Review for NeurIPS paper: Learning Disentangled Representations and Group Structure of Dynamical Environments

NeurIPS 2020

Learning Disentangled Representations and Group Structure of Dynamical Environments

Review 1

Summary and Contributions: The paper addresses disentanglement in dynamical systems. The authors operate on the definition of disentanglement popularized by Higgins et al., where a representation is considered disentangled if a group of actions acting upon the representation can be decomposed into nontrivial subgroups---acting upon "slices" of the representation. The authors suggest a learnable implementation of this principle by suggesting to learn the group of SO(n) matrices, along with a regularizer to encourage sparse usage of rotations to ensure rotations. They test on five different simple examples and conclude that they indeed arrive at a more disentangled representation.

Strengths: Motivation: The challenge of disentangled representation is still largely unsolved. Finding practical implementations of the concepts by Higgins et al. is a worthwhile endeavor that deserves attention. As such, the paper tackles an interesting problem. Novelty: To the best of the authors' as well as my knowledge, the concepts of Higgins et al. have not been put into practice. As such, the contribution can be considered interesting. Experiments: The experiments are chosen well and highlight the features of the presented approach.

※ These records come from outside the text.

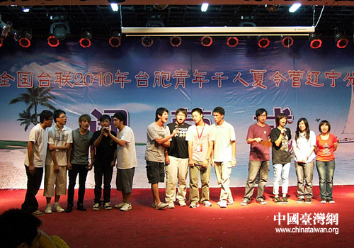 中國(guó)臺(tái)灣網(wǎng)7月22日沈陽(yáng)消息 日前,以“龍脈相傳,青春中華”為主題的“全國(guó)臺(tái)聯(lián)2010年臺(tái)胞青年千人夏令營(yíng)”遼寧分營(yíng)結(jié)束本次遼寧之行,并在沈陽(yáng)舉行了盛大的閉營(yíng)儀式。遼寧省有關(guān)部門(mén)領(lǐng)導(dǎo)王艷文,全國(guó)臺(tái)聯(lián)副會(huì)長(zhǎng)、遼寧臺(tái)聯(lián)會(huì)長(zhǎng)王松先后致辭。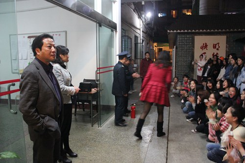 为进一步增强住校学生的消防安全意识,掌握疏散逃生方法,使住校生遇到突发情况能够迅速,有组织,不慌乱地安全疏散,确保生命安全,附中于4月9日晚9:00举行了学生宿舍消防安全演练。参加演练的领导、老师有:蔡校长、办公室陈主任、禹老师及学生科董科长和两位辅导员老师,参加演练的学生有:全体住校生。演练由陈平老师主持。    演练开始,先是听到一阵急促的哨声,生活老师,保安立即到达指定岗位,指导学生快速疏散,同学们用毛巾捂住口鼻,快速小跑,有序撤离到安全地带。全体住校生全部集合完毕后,生活老师开始清点人数,并向负责老师汇报。随即,老师还细心地向同学们讲解了在发生地震或火灾等状况时,同学们应如何报火警,火灾的预防,火场自救及逃生方法等消防安全基本常识。保安赵叔还现场向同学们讲解并演示了灭火器的正确操作程序,同学代表又进行了实际操作演练这样,同学们掌握了消防安全的基本常识,包括正确使用灭火器的方法等。这次消防演练活动的顺利完成,强化了学生们的安全意识并使抽象的安全演练变成具体的实践演习,使同学们基本了解了灾害发生时的应对措施,大大增强了学生的安全意识与自护自救技能,也加强了学校的安全教育工作。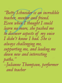 Once a year, the studio produces showcases in a performing venue with live musicians and back-up singers. Students support each other during rehearsal and performance in developing their art. The atmosphere is one of “going for it” and it is infectious, as each singer experiences the rewards of risk-taking and sharing deeply.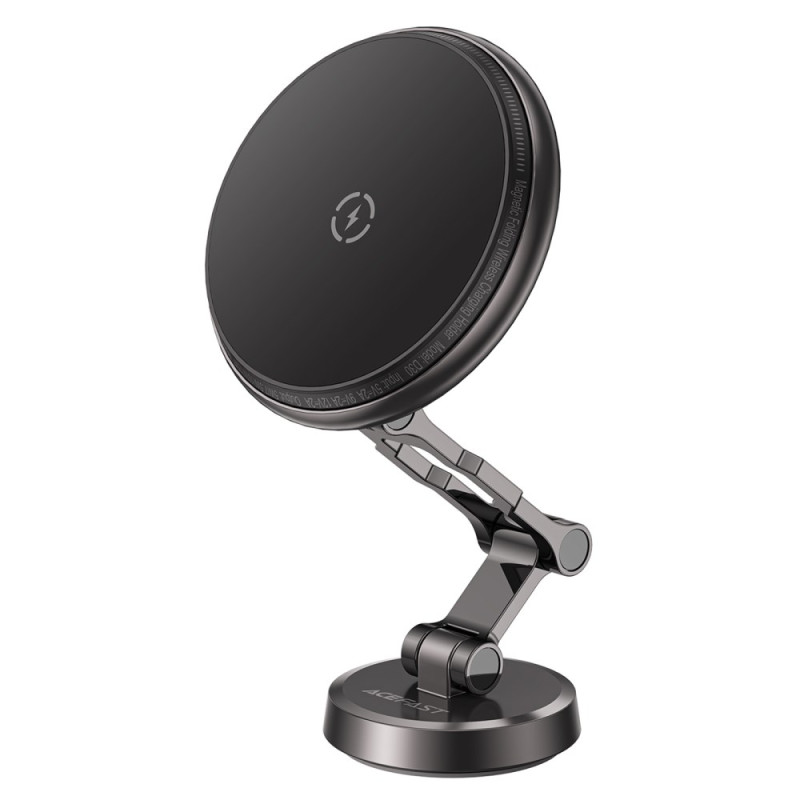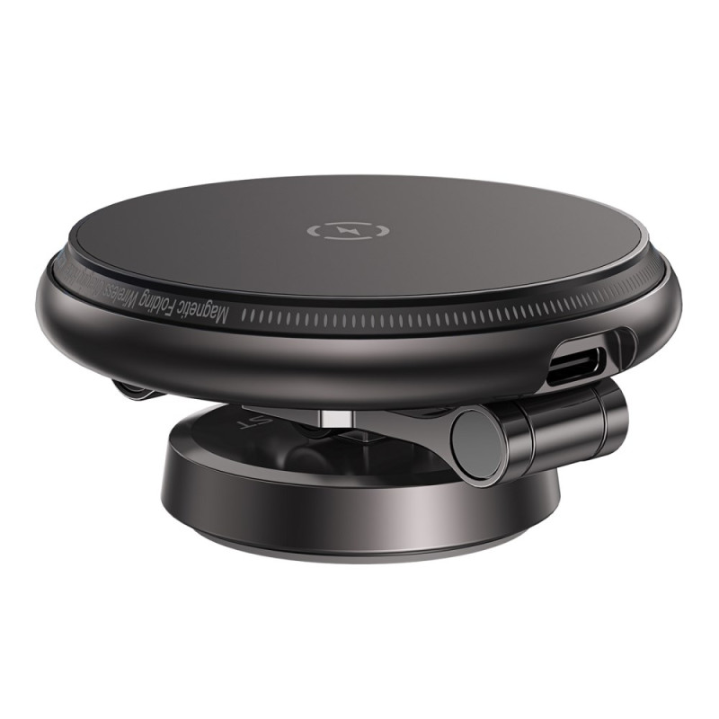 Chargeur sans fil magnétique pour console centrale avec rotation 360°, alignement magnétique précis et lumière LED ambiante. Compatible iPhone 12/13/14/15. Charge rapide jusqu'à 15W pour une expérience de conduite optimale.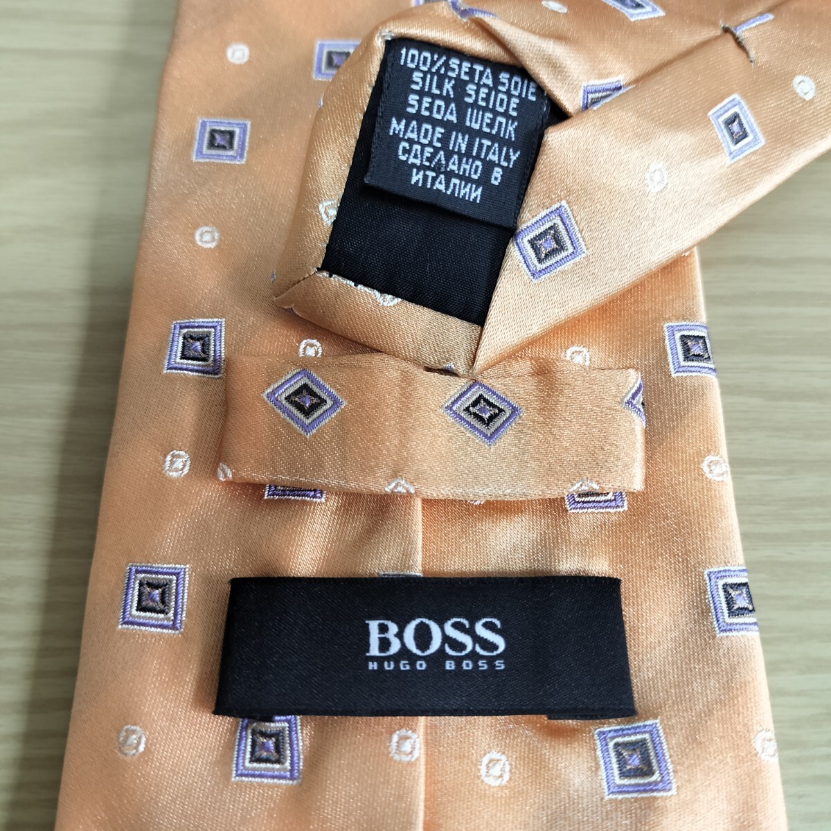 - HUGO BOSS (ヒューゴボス)オレンジ四角点々ドット模様ネクタイ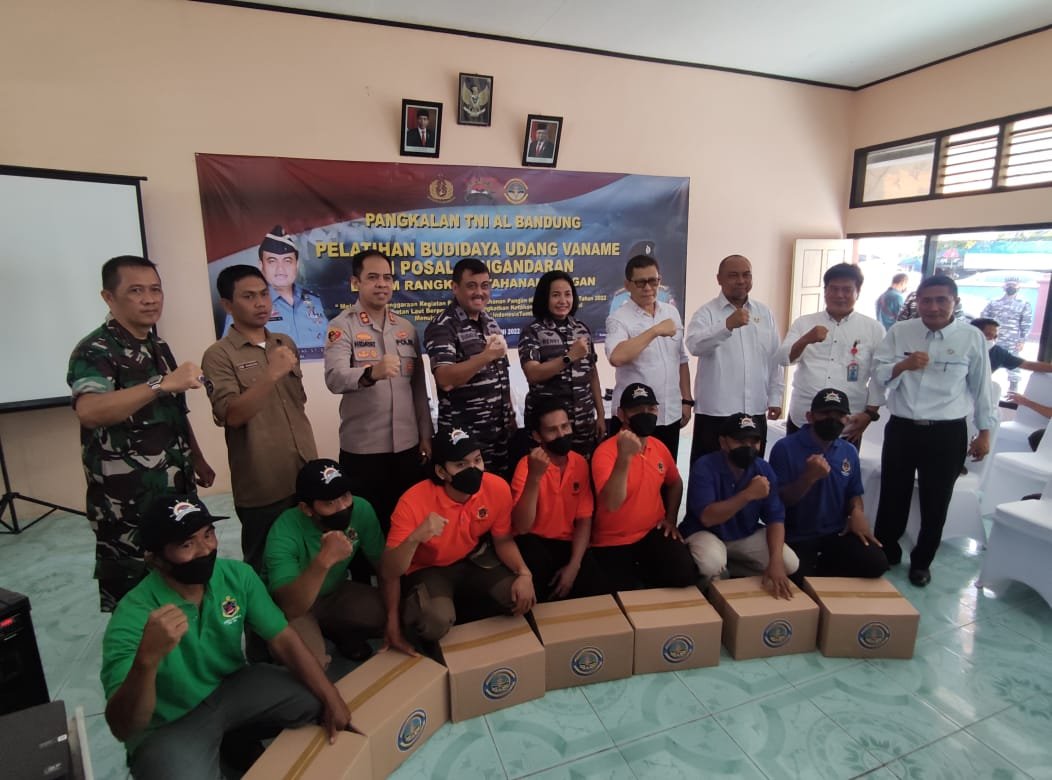 ”Melalui Penyelenggaraan Pelatihan Ketahanan Pangan Masyarakat Pesisir TA. 2022, TNI AL berperan aktif meningkatkan Ketahanan Pangan Nasional menuju Indonesia Tangguh Indonesia Tumbuh”, besarnya potensi sumber daya alam laut tidak akan bermanfaat tanpa didukung oleh pengetahuan dalam pengelolaan, pemanfaatan dan pelestariannya, serta kesadaran dan komitmen yang tinggi pada seluruh elemen masyarakat dalam menangani kekayaan laut yang kita miliki. Untuk itu, kita harus memiliki komitmen bahwa laut dapat mensejahterakan ekonomi rakyat dan kita semua harus mendukung program pemerintah dalam mencukupi pemenuhan kebutuhan pangan salah satunya melalui budidaya udang Vaname.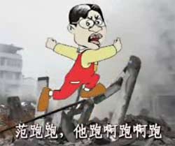 汶川大地震發(fā)生時(shí),四川省都江堰市光亞學(xué)校語(yǔ)文老師范美忠丟下學(xué)生一個(gè)人跑出了教室,因此被網(wǎng)友稱為大地震中“最無(wú)恥教師”,取名“范跑跑”。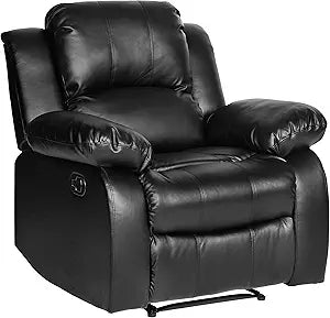 The Lexicon Baluze Recliner in Black offers a perfect blend of comfort and style. Upholstered in black faux leather and featuring a cushion back and pillow-top arms, this reclining chair provides a luxurious seating experience. Its pull-tab manual reclining system allows you to easily adjust to your preferred position, making it an ideal addition to any living space.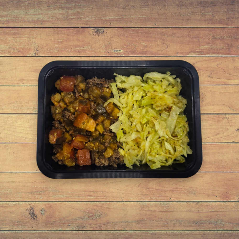 1 ou 2 Unid. Patinho Moído Refogado com Berinjela, Tomate e Repolho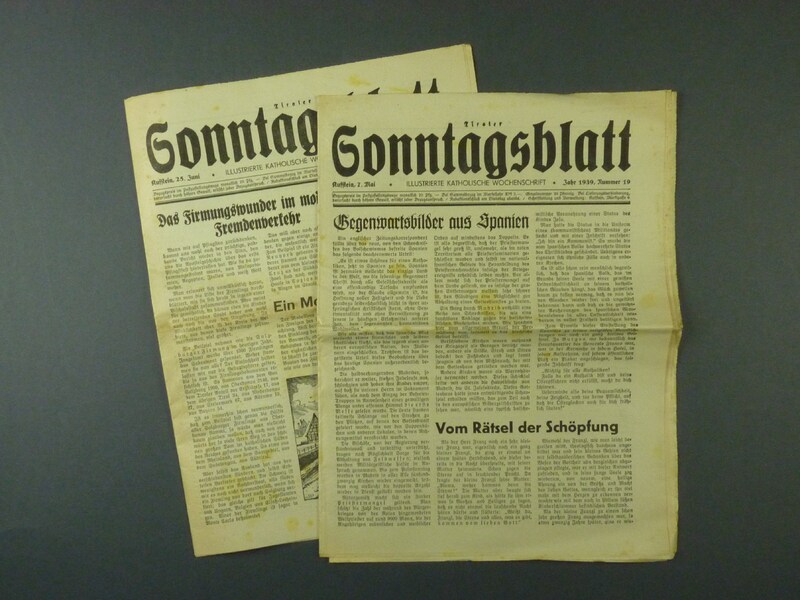 27 Zeitungen (FM-756-01 bis FM-756-27) des "Tiroler Sonntagsblatt";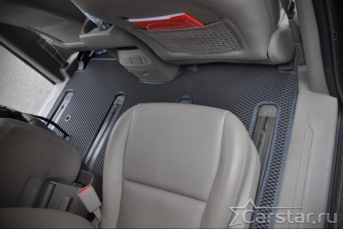 Текстильные коврики надёжно крепятся с помощью оригинальных систем фиксации. Обратная сторона имеет противоскользящее покрытие, что обеспечивает защиту от смещений и безопасность. Максимальное удобство достигается точными лекалами.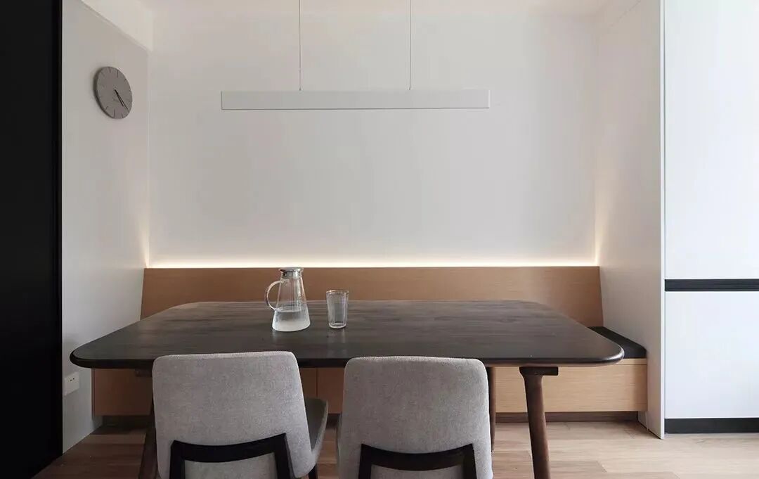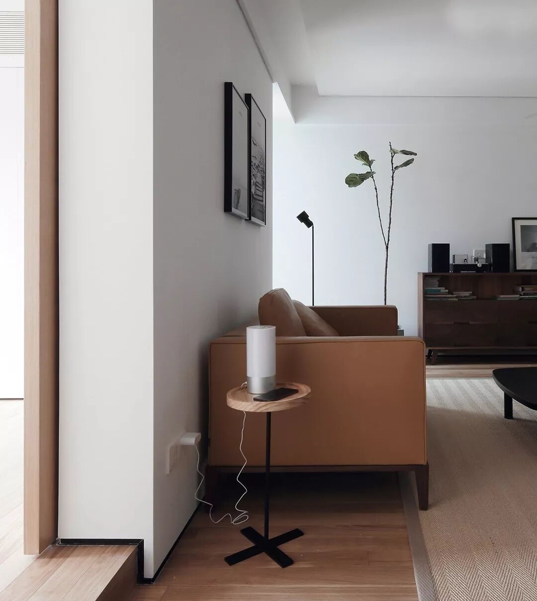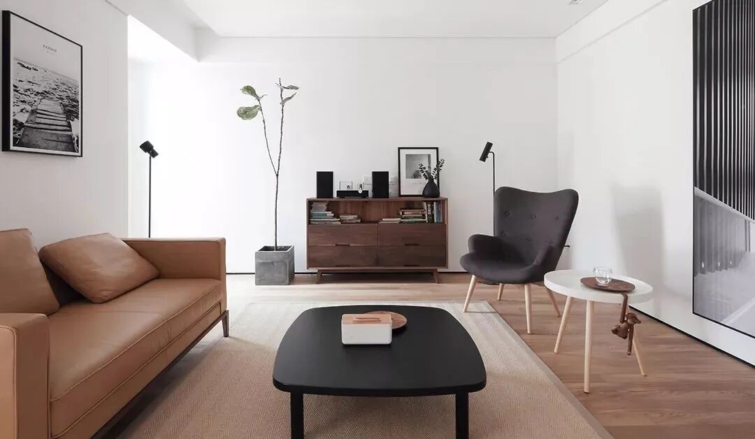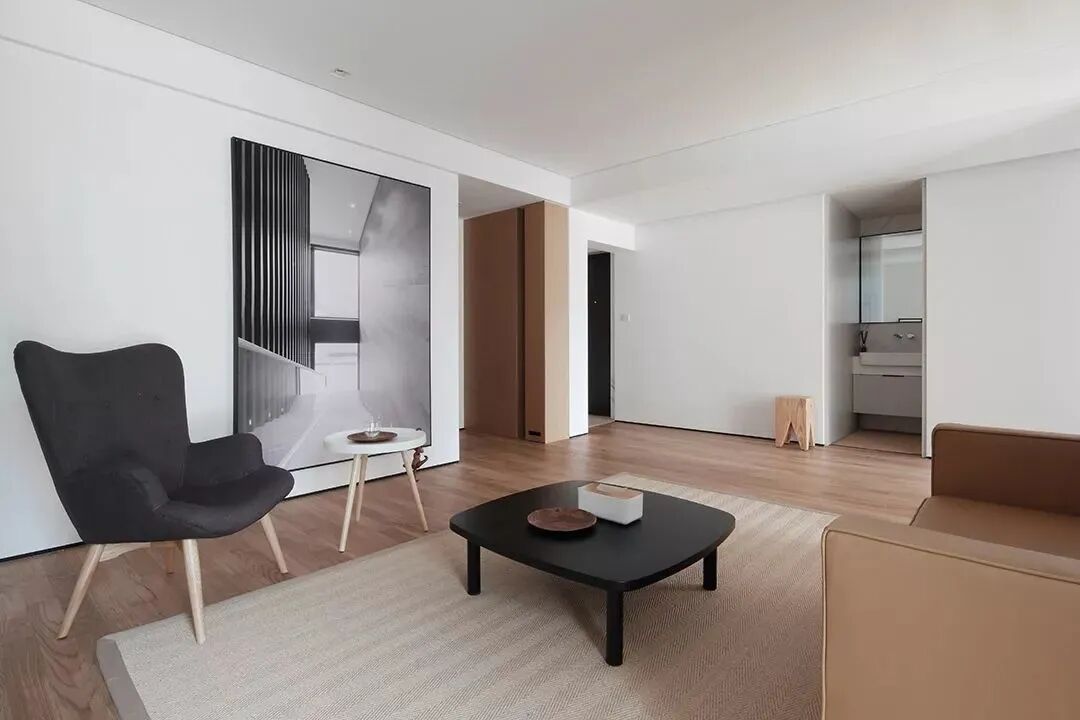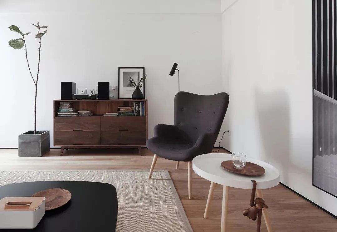 以极简的方式打造了一个简约大气的家,原木黄的地板、复古的木柜,姜黄的沙发都让客厅洋溢着一股原木的自然清香。黑色的矮脚茶几搭配黑色木脚沙发椅,与米色的毛绒地毯和白色的三脚茶几形成对比,结合洁白的墙面空间,黑白色调的反差,营造出一种大气沉稳之感。

Though limited in their scope, they represent a useful proof of conept.

Weaknesses: Restricted applicability: The paper is not sufficiently clear about the applicability and extensibility of their method. The authors certainly do not claim to "solve" disentanglement. However, I am lacking an explicit discussion just how restrictive their representation is. SO(3) is quite restricted in its expressiveness, even though it quite naturally aligns with our intuition of disentanglement. More so, the representation as a matrix product (general cost of ~O(n^3)) of O(n^2) matrices is worth discussing from a scalability point of view. It is fine to restrict this proof of concept, but it should point out a clearer path forward than the current submission does. Strawman baselines: The baselines are both essentially variants of the variational auto-encoder. While they put more emphasis on the representation and disentanglement than the vanilla VAE, it is unclear what motivated the choice of these baselines. In particular, all chosen data sets are inherently dynamical, which the VAEs explicitly cannot and do not handle. It would have been more interesting to see, e.g., dynamical variants of the VAE (see also the comments below about related work) on these data sets to really judge whether these representations add value. Discussion of determinism and relation to generative models: Both baselines are VAE variants, i.e., probabilistic generative models, for which representation learning has seen piqued interest. The suggested model is a deterministic auto-encoder with a deterministic dynamic component. Under these circumstances, the connections to VAEs and similar models should be made more explicit. Can the suggested architecture be turned into a VAE? Why? Why not?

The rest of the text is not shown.